Wynning History’s most-read stories of 2017

What a year!

Thank you for supporting Wynning History in 2017. I’ve been busy this year researching new stories and getting the word out about the blog. In the craziness and chaos of the past 365 days, this blog has been a way to find connections to the past and document stories with relevance in our nation today. I hope that you’ll stick with us and continue reading as we enter the brave new world of 2018. – Jake Wynn

Below are the top five posts from Wynning History in 2017.

1. One Spark: The 1877 Lykens Mine Fire


On a cold and snowy day in 1877, a fire began at the bottom of Short Mountain Colliery in Wiconisco, Pennsylvania. Two communities would be forever altered by its flames. On the 140th anniversary of the fire, we explored the legacy of a forgotten disaster. 

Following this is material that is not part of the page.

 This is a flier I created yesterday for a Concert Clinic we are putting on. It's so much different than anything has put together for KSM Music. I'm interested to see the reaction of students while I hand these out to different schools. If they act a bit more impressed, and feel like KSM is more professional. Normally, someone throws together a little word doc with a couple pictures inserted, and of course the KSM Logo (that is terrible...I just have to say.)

2. Deadly Souvenirs – Unexploded Shells From Antietam Proved To Be Dangerous Keepsakes


Visitors to Antietam battlefield in 1862 took unexploded shells home as souvenirs. The results were disastrous, and often deadly. We explored the deadly legacy of Civil War battlefields and how they continued to kill and maim. 

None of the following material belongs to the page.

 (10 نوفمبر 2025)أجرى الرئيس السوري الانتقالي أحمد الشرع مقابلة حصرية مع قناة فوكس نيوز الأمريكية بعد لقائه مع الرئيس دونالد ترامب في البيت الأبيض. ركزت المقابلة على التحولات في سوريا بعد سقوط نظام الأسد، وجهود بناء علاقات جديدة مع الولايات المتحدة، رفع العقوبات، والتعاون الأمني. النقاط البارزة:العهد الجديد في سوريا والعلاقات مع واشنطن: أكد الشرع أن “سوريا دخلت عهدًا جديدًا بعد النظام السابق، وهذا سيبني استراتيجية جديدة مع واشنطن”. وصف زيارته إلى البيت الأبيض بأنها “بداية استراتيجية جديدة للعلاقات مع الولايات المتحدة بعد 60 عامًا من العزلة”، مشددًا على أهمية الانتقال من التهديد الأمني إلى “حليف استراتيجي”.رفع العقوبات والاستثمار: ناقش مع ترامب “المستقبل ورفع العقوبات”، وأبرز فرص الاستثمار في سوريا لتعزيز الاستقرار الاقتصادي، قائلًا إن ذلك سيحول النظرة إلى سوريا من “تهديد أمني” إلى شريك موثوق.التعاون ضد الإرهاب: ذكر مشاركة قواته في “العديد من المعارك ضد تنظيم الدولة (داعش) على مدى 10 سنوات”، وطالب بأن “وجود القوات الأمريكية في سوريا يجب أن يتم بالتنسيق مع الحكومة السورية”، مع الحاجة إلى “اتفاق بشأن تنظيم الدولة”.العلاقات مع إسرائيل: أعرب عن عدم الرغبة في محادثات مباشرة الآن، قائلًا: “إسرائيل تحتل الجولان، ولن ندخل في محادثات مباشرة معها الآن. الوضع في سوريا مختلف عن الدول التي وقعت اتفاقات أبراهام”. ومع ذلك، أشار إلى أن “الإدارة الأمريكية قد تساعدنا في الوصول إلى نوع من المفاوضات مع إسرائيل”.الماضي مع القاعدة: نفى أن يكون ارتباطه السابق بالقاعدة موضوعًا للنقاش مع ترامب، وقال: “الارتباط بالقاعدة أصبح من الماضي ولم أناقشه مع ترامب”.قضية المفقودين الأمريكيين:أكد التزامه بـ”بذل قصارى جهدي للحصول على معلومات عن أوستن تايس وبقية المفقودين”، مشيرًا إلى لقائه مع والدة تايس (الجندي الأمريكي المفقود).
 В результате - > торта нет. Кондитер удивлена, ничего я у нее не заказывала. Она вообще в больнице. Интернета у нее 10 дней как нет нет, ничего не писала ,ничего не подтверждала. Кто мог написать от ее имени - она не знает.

3. “A town that wouldn’t say die!” – Lykens, Pennsylvania in 1937


A writer from the Harrisburg Telegraph details the desperation of Lykens, Pennsylvania amid the Great Depression. The dying coal town felt the crushing weight of economic desperation following the closing of the town’s chief employer. This post was also the most-read story of 2016. 

4. “The stark truth” – A Pennsylvania soldier witnesses the collapse of Nazi Germany in 1945


A letter written by a soldier from Williamstown, PA details what it was like to be in Germany with American soldiers in the spring of 1945. In a year where neo-Nazis emerged publicly and marched in Charlottesville, the words of an American witness to Nazi atrocities in the Second World War need to be revisited.

5. “A Square Meal” – Food, Charity, and the Great Depression in Williamstown, Pennsylvania


The Great Depression sparked a food crisis in the United States. Here’s how one town in Pennsylvania fed hungry schoolchildren. This post was inspired by the wonderful book “A Square Meal: A Culinary History of the Great Depression” and comments from Mick Mulvaney about school lunch programs in early 2017. 

Thanks for reading and we’ll see you in 2018!